A Message from the Ghost of Editors Past
Julius Wroblewski, MD, FRCPC
Julius Wroblewski, MD, FRCPC, is with the laboratory at Mount Saint Joseph Hospital, Vancouver, British Columbia. Email: jwroblewski@providencehealth.bc.ca.
When I had my “walk in the snow” moment and decided to relinquish the editorship of the CAP Newsletter, I never guessed I would be courted some years later to help write its epitaph. But I am glad to be of service once again.
The plan and vision is, of course, to have the new Canadian Journal of Pathology succeed the old newsletter. I’ve got to admit it’s a bold plan, the creation of a more academically oriented publication (with the possible retention of some old Newsletter functions, too). CJP will be entering an academic journal market already populated with some 500-pound gorillas. Yikes, I’d feel like a mechanic trying to expand and take on the Big Three carmakers. But it might take only one or two hot research pieces for the greater pathology world to take notice. Just one Watson & Crick performance and the game will be on. It’s up to the CAP membership to make this happen.
The idea of a self-sustaining pathology journal is a wonderful thought, too. High-profile ads could give the journal the revenue to be bold and creative in its product. Just don’t let those advertisers think they’re buying soul as well as print space. (Don’t you just hate how all those NHL stadiums feel the need to name themselves after corporate sponsors? Just wait until one hockey city christens its arena Viagra Place. Try explaining that to your 7-year-old kid.)
One great benefit I got from my tour of duty as newsletter editor was getting to peer into a different world, that of publishing. And I don’t just mean the day-to-day mechanics of slapping copy together. The times that I drew from external sources for articles or images granted me experiences of all kinds. There were the publications and publishing houses that were gracious in taking the trouble to do business with a print pipsqueak like me, with correspondence and service that seemed to be comparable to that granted to Random House. Once I even got the chance to successfully ask an author himself (a gifted physician-writer) for publishing permission and, in gratitude, sent him copies. (I wonder what he thought of the outcome.) There was that time when I so wanted to reproduce a most eclectic and witty piece of cartooning, but was stymied by a proprietor that just didn’t understand the folly of pricing oneself out of the market. And then there was the futile attempt to get permission to reproduce a classic journalist’s essay, only to be stonewalled by an arrogant publishing house that subjected me to a varied diet of neglect and half-hearted action. In desperation, I eventually obtained the contact info for the author’s estate, only to be totally ignored when contact was attempted. Gee whiz, I thought to myself. Are the red-hot rubles of an honest but humble pathology publication tainted beyond hope of redemption? Channelling Rodney Dangerfield – “I don’t get no respect! No respect at all!”

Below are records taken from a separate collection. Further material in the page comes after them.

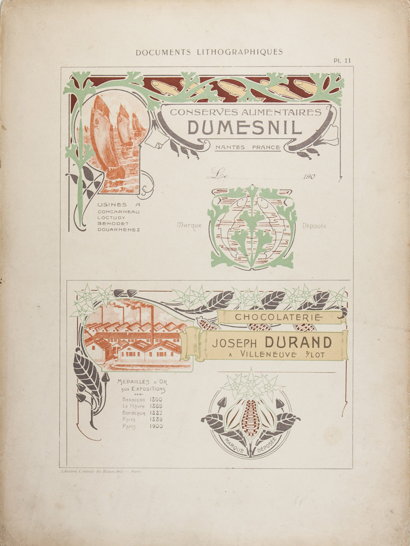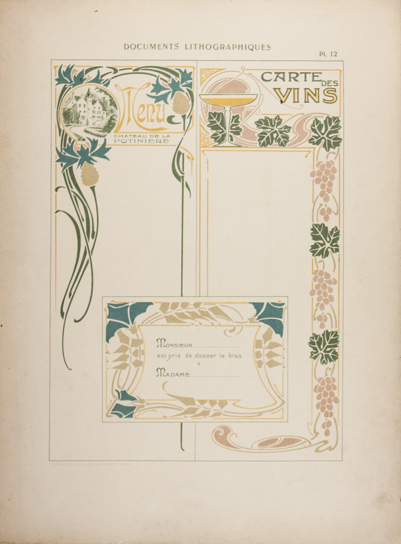 Litografia a colori. mm 200x270. Foglio: mm 285x380. Tav. n. 2 da Documents lithographiques. Quarante planches comportant plus de 300 Compositions originales en couleurs de MM. H. Bellery Desfontaines, M. Orazi, M. P. Verneuil, M. Fraikin, Riom, F. Laskoff, Paris, Librairie Centrale des Beaux Arts, s. d. (1900 ca.). Si aggiungono 9 tavv. di altri autori (n.1, 3-6, 8-9,11-12). (10)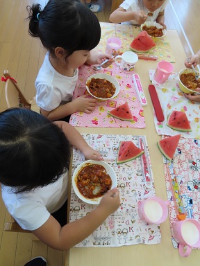 プール開きの給食は、具沢山のハヤシライスに今年初物のスイカでした!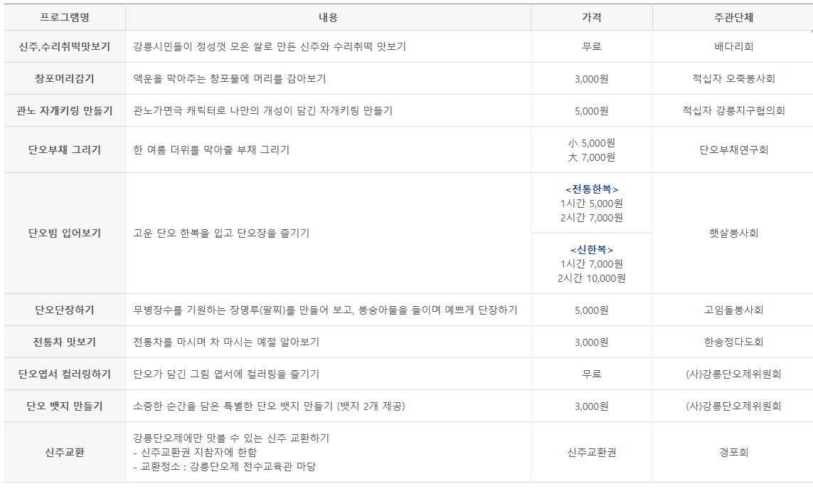 - 축제장소 : 강릉단오제 전수교육관 공연장 / 남대천 행사장
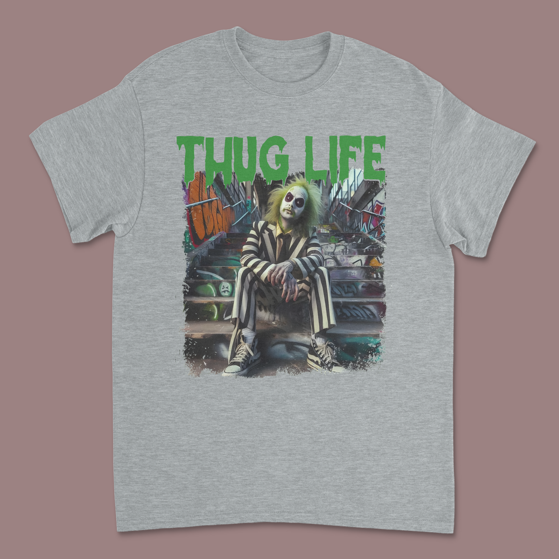 Order now to add this Beetlejuice "Thug Life" t-shirt to your collection, and make your wardrobe a little more strange and unusual!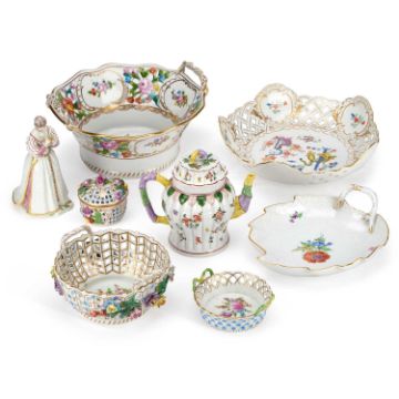 including a Meissen figure of Florinetta, no. 64584, a Dresden teapot, a Meissen leaf-shaped dish, etc. (8) Figure 15cm high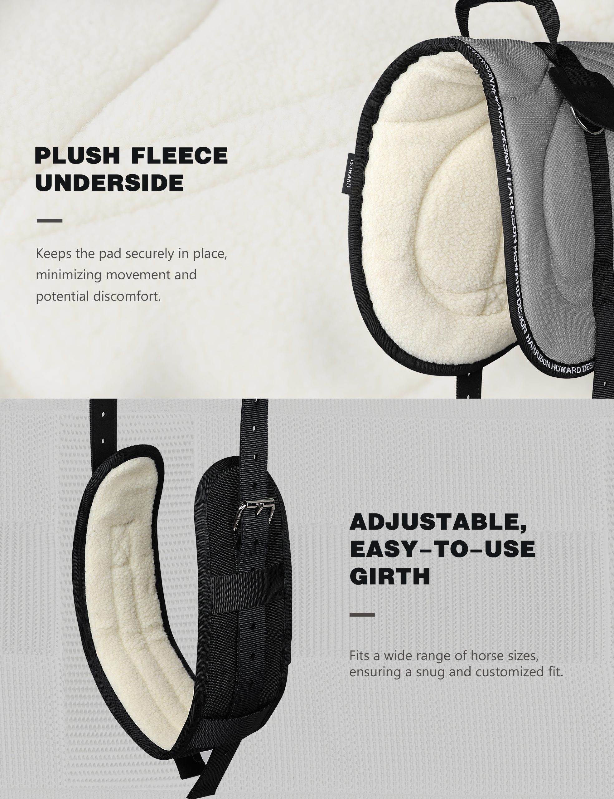 Breathable & Durable Fleece Lining: The high-quality hollow-spun fleece interior offers exceptional breathability, abrasion resistance, and long-lasting use, keeping your horse cool and comfortable on extended rides.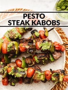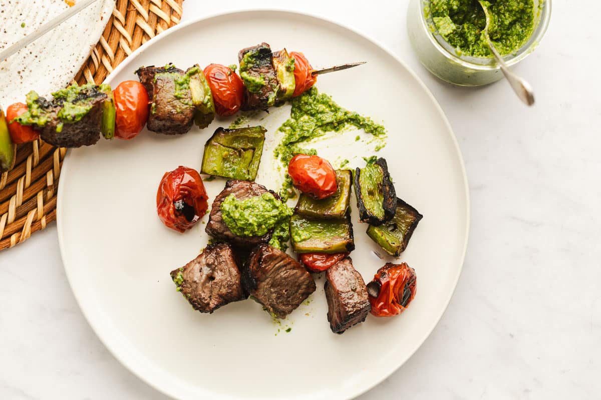 In these kabobs we’re using tomatoes and green bell pepper. The steak marinade we’re using is uncomplicated. Just two ingredients to help us achieve a more tender, flavorful steak! And then there’s the Pistachio Lemon Pesto. This pesto recipe is simple to make and packs a powerful punch. Plus it’s dairy free (no parmesan cheese!) which makes it lower in calories than traditional pesto. You can of course use a prepared pesto from the grocery store to save more time if you prefer.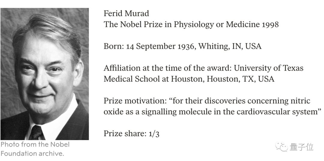 1998年,穆拉德因此获得诺贝尔生理学或医学奖。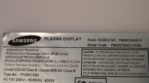 BN96-12686A, LJ41-07010A, LJ92-01685A, SAMSUNG, PN58C550G1F, NEB, E58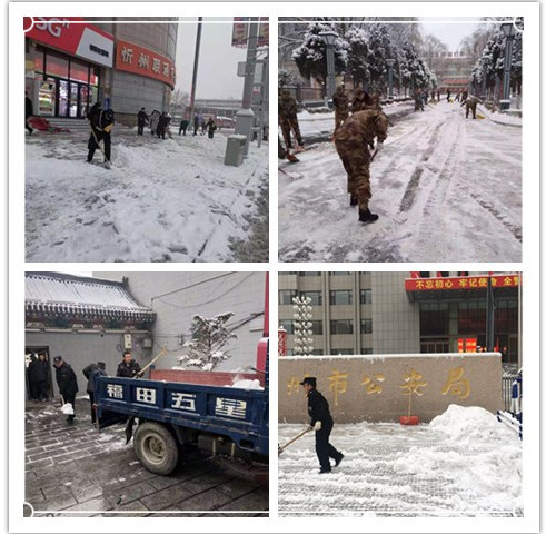 1月5日,2020年紛紛揚揚的一場大雪飄然而至,秀容大地銀裝素裹之間也讓道路覆蓋上了一層厚厚的積雪,不僅給市民出行帶來嚴重不便,也為公司開展工作帶來諸多安全隱患。為此,公司主要領(lǐng)導(dǎo)親自安排,忻州城區(qū)及各縣分支機構(gòu)迅速行動起來清除積雪,及時清掃各自駐地和周邊道路的積雪,用實際行動為我市創(chuàng)文工作做出貢獻。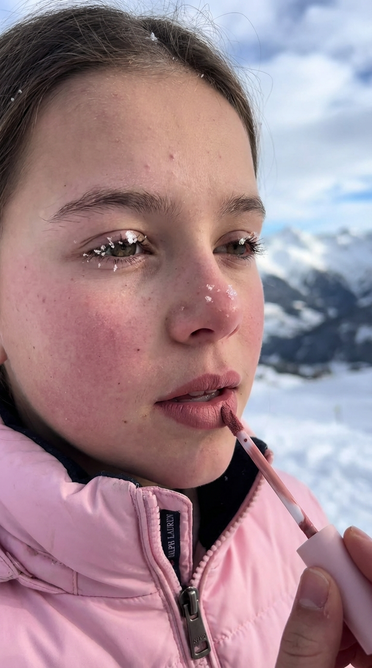 NANO BANANA PROНа изображении молодая девушка наносит матовую розовую помаду в горном зимнем пейзаже. Акцент на естественном макияже губ и детальной фактуре кожи.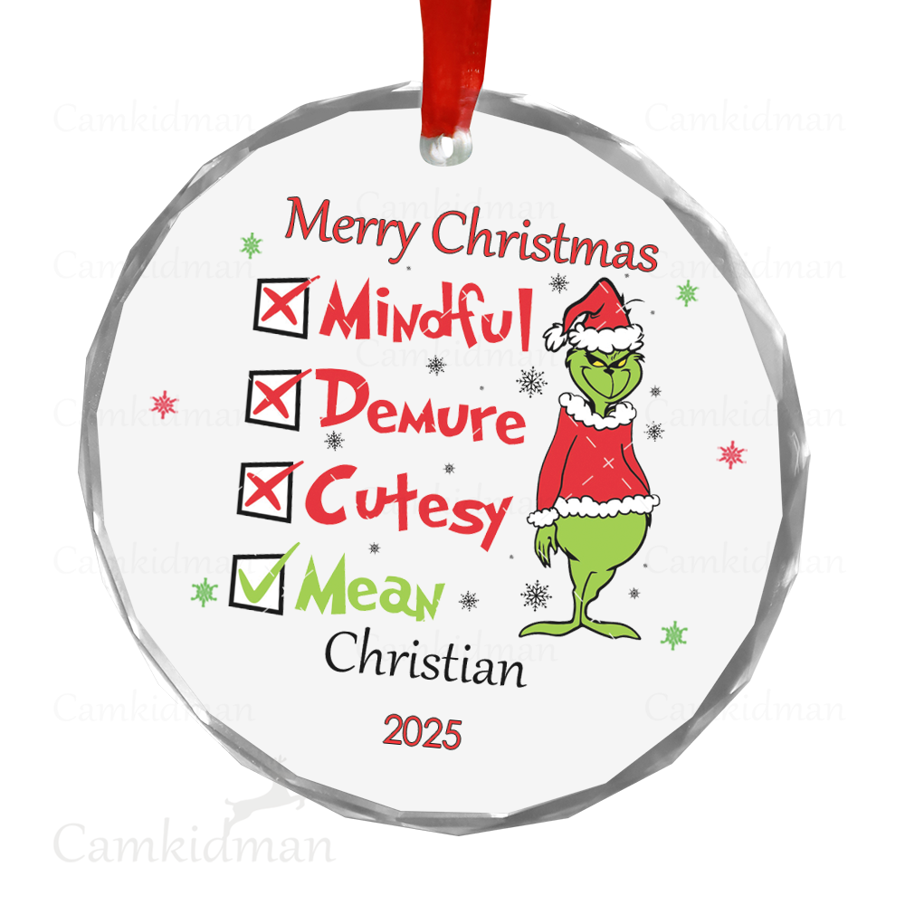 Funny Grinch Naughty Nice Holiday Decor gifts kids Glass Christmas Ornament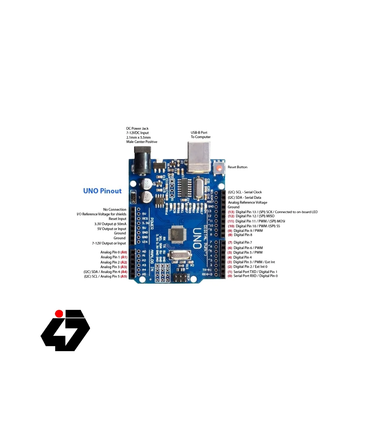 برد آردوینو UNO بر پایه میکروکنترلر ATmega328 ساخته شده است .آردوینو uno دارای 14 پین ورودی و خروجی دیجیتال، 6 پین ورودی آنالوگ، ، یک کریستال 16مگاهرتز، یک پورت USB، یک پاورجک (ورودی منبع تغذیه)، یک ICSP header و یک دکمه ریست می باشد.برد آردوینو UNO (آردوینو یونو)برای کسانی که تازه شروع کرده اند مناسب ترین برد خانواده آردوینو می باشد و از لحاظ قیمت و امکانات، مقرون به صرفه ترین برد به حساب می آید.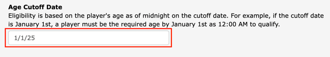 5. Enter the cutoff date you’d like to be applied to the divisions selected. For example, if you’d like all participants in the 12u division to be 12 years old on or before 1/1/25, enter it here. The system will calculate the age of the participant based on their valid ZortsID and flag any ineligible participants. The status of the participants who are ineligible due to age will say “invalid age” and the parent, participant, coach, and Event ADMIN will see that status.
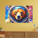 This striking artwork by Otis Porritt presents a bear in an astronaut helmet, its gaze direct and captivating. The animal's fur is rendered with a rich tapestry of textured strokes in warm oranges, yellows, and browns, creating a vibrant, almost impasto effect. Cool blues and purples define the snout, contrasting with the fiery tones of the fur. The reflective visor of the helmet frames the bear's face, while the background swirls with dynamic strokes of teal and deep blue, evoking a cosmic expanse. The digital medium masterfully captures a painterly aesthetic.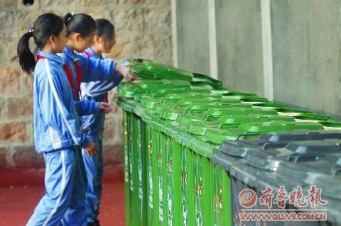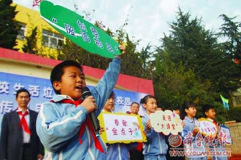 19日,在新昌路小学,同学们手持环保宣传画为如何合理分配生活垃圾出谋划策。当日,由市政公用局团委与市南区团委、市南教育局等部门联合组织的市南区生活垃圾分类收集进校园宣传月正式启动,市政公用局向市南区40所学校赠送了150个垃圾桶。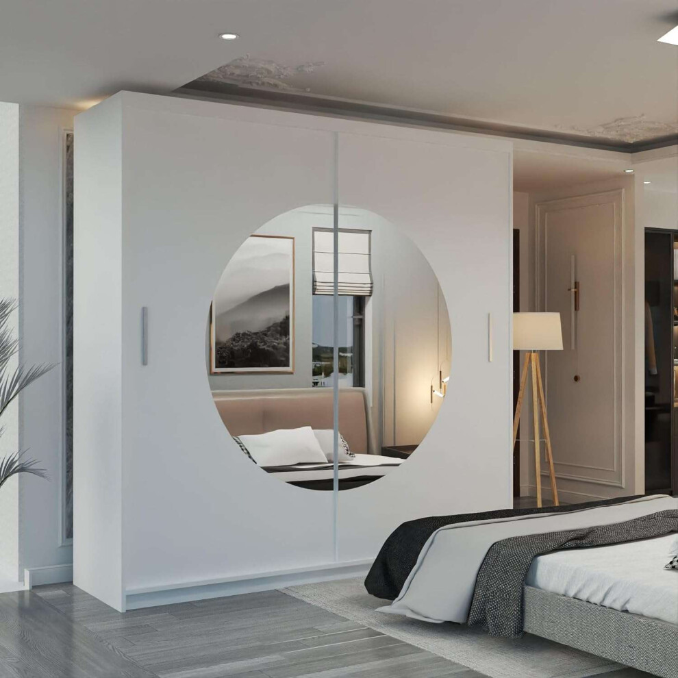 (White, 203cm) Round Mirror Sliding Wardrobe
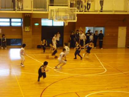 強豪大枝中学校との対戦でした。一生懸命、自分たちのバスケットをしていたのですが、残念ながら、大差をつけられてしまいました。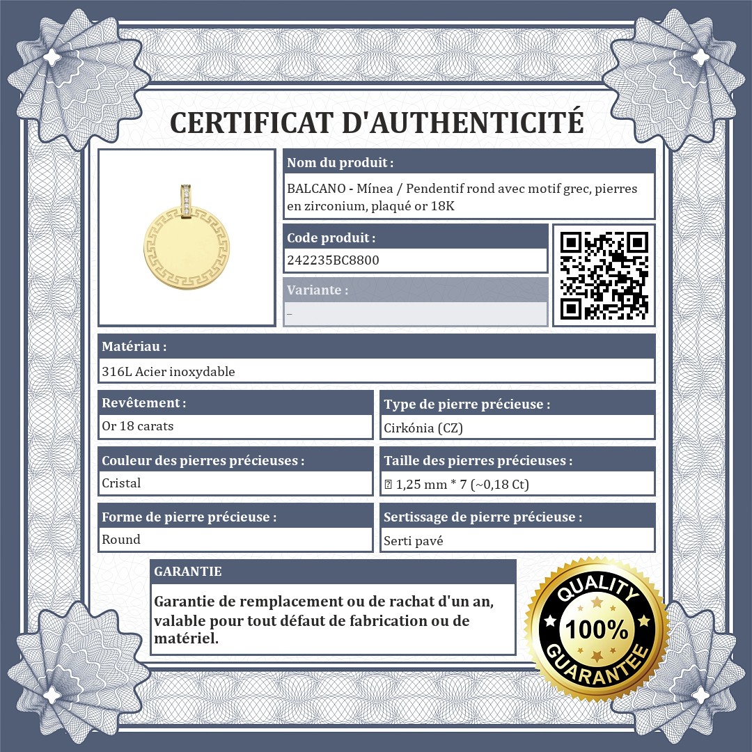 BALCANO - Mínea / Pendentif rond avec motif grec, pierres en zirconium, plaqué or 18K

As an aside, let me tell you of some continuing medical education gleanings from a series of Harvard Medical School conferences I have attended, these being on the topic of publishing for medical professionals. The lesson that stuck in my mind was the minefield that awaits anyone who fancies that bearing an MD makes one more likely to break into the New York Times Best-Seller List. Never mind the “for starters” of the nature of the market, which is the cold fact that few of the few that get published can ever hope to quit their day jobs. A book printing is like an oil-well drilling: most flop. Even getting to the printing stage is the result of surviving a sadist’s gauntlet of a courtship of both publishers and literary agents who are bombarded to the point of exhaustion by innumerable Crichton wannabes whom they are likely to regard as feral dogs until proven otherwise. I get the inkling that the temper of interactions on the way to the top is expressed in that coarse Russian saying about power relationships: “You’re the boss, I’m s**t. I’m the boss, you’re s**t.”
Well, the relationship between your editors and the CAP membership was never the nasty Hobbesian world described above. I loved the chance to feature all kinds of interesting inputs from our community, and my only regret is that I wasn’t showered with more. Let’s hope that Canadian Journal of Pathology is embraced by one and all as both a reference and a platform.
Cheers, and thanks for all the memories.